July 2019 Book, The Invention of Nature: Alexander von Humboldt's New World

From Russia to the jungles of South America to the Himalayas, an intrepid explorer’s travels make for exhilarating reading.
In a period roughly encompassing the second half of the 18th century and the first half of the 19th, a handful of very young European men crisscrossed the world on ships and changed the way we think.

Exhibiting an almost mad degree of assurance, they beguiled committees, sea captains and patrons to take great risks and accommodate their often eccentric needs. Joseph Banks on the Endeavour, Georg Forster on the Resolution, Charles Darwin on the Beagle, Joseph Hooker on the Erebus and Thomas Huxley on the Rattlesnake seemed to have a hypersensitivity to the ideas around them and, influenced by their exotic surroundings, brought these to bear on the great scientific questions of the day.
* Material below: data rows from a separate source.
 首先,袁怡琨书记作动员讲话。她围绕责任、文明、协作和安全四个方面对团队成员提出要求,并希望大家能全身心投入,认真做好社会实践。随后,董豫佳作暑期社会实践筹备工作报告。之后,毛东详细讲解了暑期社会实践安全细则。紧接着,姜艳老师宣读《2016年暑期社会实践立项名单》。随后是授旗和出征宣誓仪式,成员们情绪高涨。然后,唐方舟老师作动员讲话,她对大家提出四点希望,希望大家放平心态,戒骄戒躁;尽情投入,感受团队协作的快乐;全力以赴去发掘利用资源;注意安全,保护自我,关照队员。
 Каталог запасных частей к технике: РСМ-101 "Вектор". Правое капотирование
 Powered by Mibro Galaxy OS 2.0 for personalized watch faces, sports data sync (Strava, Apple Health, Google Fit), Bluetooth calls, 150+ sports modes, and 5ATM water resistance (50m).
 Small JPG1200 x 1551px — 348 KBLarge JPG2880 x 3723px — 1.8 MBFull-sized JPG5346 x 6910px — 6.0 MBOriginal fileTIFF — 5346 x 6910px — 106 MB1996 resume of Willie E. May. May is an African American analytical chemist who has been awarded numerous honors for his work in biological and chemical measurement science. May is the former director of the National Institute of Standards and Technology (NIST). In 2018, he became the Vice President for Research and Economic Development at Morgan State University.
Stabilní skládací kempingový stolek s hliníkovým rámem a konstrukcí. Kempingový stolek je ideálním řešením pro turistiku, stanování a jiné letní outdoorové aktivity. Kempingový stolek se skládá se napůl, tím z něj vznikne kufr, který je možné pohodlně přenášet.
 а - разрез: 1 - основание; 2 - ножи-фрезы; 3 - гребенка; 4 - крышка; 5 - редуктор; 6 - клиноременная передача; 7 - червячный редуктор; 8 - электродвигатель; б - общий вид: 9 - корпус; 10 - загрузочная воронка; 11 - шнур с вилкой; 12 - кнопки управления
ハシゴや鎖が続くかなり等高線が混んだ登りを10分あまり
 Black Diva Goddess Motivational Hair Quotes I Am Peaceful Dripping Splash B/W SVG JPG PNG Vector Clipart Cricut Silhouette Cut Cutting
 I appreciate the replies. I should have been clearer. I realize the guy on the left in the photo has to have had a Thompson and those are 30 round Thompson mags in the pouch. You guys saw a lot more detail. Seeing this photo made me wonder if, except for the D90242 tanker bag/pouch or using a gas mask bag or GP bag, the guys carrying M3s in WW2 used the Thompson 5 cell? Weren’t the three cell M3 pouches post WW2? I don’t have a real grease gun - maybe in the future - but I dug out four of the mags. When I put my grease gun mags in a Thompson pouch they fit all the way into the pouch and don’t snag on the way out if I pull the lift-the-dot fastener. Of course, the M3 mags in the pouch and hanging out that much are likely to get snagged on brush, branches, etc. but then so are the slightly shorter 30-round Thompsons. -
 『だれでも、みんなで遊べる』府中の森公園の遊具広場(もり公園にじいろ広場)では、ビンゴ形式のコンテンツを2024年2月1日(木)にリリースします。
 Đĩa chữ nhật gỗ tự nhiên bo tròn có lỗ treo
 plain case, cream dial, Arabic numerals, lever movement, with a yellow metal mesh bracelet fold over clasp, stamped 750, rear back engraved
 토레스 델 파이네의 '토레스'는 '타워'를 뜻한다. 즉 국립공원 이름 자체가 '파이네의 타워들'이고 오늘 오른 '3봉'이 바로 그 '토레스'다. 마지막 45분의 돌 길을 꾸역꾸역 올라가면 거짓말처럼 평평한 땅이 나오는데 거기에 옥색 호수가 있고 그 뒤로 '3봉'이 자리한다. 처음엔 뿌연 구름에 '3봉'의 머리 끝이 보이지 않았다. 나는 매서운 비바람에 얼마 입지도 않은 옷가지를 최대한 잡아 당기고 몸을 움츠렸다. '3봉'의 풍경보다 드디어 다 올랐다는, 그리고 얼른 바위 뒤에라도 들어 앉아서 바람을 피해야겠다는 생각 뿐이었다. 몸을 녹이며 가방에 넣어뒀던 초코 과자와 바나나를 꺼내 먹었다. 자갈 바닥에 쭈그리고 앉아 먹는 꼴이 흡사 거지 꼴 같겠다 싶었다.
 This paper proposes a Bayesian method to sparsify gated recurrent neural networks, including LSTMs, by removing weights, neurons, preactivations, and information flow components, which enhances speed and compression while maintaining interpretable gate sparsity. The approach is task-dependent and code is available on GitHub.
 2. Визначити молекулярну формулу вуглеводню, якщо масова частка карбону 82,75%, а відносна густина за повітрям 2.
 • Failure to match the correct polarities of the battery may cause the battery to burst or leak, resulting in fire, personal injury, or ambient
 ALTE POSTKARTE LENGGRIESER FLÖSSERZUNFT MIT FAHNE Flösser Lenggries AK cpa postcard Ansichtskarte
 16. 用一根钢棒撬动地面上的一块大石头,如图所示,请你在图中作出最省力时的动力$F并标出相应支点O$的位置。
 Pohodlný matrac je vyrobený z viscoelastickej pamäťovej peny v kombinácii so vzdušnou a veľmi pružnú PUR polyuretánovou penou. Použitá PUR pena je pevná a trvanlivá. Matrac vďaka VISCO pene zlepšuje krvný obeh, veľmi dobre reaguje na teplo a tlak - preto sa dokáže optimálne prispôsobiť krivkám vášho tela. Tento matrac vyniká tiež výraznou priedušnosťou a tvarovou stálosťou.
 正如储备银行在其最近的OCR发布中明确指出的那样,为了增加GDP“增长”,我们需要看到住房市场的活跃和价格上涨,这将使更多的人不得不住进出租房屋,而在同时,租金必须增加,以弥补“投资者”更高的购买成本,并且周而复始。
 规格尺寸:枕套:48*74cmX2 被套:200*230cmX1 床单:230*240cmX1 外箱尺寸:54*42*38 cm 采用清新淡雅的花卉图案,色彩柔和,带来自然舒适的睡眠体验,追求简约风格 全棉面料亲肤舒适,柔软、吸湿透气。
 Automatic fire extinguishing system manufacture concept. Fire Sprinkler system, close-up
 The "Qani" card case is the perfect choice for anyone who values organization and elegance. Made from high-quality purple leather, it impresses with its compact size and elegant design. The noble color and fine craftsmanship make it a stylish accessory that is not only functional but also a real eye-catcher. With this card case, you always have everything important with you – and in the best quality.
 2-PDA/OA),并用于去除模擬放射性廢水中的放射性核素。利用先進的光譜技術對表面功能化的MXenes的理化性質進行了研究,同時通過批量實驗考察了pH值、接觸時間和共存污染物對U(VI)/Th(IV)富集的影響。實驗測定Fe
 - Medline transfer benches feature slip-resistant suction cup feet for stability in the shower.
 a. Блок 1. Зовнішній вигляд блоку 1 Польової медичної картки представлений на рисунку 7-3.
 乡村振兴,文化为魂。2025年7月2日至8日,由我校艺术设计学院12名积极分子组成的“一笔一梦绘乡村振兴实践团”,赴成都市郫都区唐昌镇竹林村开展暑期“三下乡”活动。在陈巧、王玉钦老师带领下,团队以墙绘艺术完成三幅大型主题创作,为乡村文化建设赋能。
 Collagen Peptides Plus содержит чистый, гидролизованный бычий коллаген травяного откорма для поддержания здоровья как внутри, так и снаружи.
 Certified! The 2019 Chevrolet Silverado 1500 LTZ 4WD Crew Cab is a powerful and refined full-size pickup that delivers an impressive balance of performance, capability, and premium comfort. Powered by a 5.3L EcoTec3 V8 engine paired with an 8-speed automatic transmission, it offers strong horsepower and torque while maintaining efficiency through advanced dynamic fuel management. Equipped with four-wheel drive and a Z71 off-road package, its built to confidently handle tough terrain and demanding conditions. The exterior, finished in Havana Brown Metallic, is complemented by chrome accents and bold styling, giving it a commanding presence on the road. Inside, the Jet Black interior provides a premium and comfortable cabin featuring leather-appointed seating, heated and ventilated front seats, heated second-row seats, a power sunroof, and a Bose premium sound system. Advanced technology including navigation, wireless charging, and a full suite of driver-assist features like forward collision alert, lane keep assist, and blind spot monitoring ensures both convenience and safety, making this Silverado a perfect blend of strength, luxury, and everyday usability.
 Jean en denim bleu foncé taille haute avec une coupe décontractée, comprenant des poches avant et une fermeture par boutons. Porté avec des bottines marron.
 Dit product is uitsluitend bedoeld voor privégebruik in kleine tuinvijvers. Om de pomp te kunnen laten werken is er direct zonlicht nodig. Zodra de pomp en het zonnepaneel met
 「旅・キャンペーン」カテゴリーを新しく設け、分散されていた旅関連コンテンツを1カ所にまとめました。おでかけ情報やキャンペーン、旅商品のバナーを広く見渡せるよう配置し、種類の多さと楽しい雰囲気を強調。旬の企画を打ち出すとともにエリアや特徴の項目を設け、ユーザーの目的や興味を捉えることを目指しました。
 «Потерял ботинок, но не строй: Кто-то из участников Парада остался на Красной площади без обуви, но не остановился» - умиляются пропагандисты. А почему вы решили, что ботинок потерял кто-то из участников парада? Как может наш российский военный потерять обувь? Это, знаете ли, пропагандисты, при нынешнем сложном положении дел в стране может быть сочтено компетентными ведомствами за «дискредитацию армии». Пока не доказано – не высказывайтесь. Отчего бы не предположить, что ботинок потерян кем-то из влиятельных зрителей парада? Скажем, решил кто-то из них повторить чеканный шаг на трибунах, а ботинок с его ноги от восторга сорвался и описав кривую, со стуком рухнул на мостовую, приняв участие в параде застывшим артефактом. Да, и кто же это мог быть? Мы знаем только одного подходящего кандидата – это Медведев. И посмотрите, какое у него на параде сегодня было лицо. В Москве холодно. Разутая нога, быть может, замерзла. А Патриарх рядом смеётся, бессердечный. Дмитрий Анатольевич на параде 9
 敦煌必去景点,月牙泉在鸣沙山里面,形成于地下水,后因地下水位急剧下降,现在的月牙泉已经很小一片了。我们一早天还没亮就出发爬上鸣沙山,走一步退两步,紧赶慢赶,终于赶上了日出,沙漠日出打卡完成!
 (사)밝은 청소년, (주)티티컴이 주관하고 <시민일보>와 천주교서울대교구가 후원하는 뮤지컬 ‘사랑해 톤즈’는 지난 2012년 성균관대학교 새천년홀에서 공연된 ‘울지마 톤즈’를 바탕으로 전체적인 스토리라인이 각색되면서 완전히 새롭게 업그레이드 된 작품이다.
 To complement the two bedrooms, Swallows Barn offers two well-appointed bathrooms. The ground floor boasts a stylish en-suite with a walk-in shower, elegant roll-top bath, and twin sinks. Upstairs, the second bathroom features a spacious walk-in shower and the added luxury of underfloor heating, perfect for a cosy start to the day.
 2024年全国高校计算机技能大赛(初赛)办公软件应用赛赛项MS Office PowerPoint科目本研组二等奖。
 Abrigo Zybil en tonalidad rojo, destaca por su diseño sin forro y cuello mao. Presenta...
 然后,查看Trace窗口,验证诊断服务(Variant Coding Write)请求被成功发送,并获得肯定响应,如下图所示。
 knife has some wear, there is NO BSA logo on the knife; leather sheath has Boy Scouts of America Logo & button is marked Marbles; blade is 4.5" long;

Darwin’s observations of earthquakes, finches and coral atolls were influenced by his reading of Charles Lyell and Thomas Malthus, while Humboldt took the works of Kant, Buffon and Goethe up the Andes and into the Orinoco.
Andrea Wulf’s enjoyable new book tackles Alexander von Humboldt, the Prussian polymath, author and explorer. He transformed our understanding of physical geography and meteorology, and spent his life trying to bind together the workings of the Earth and ultimately the cosmos (a term he coined in its modern sense in Kosmos, his five-volume treatise on the unity of science, published between 1845 and 1862) through universal rules.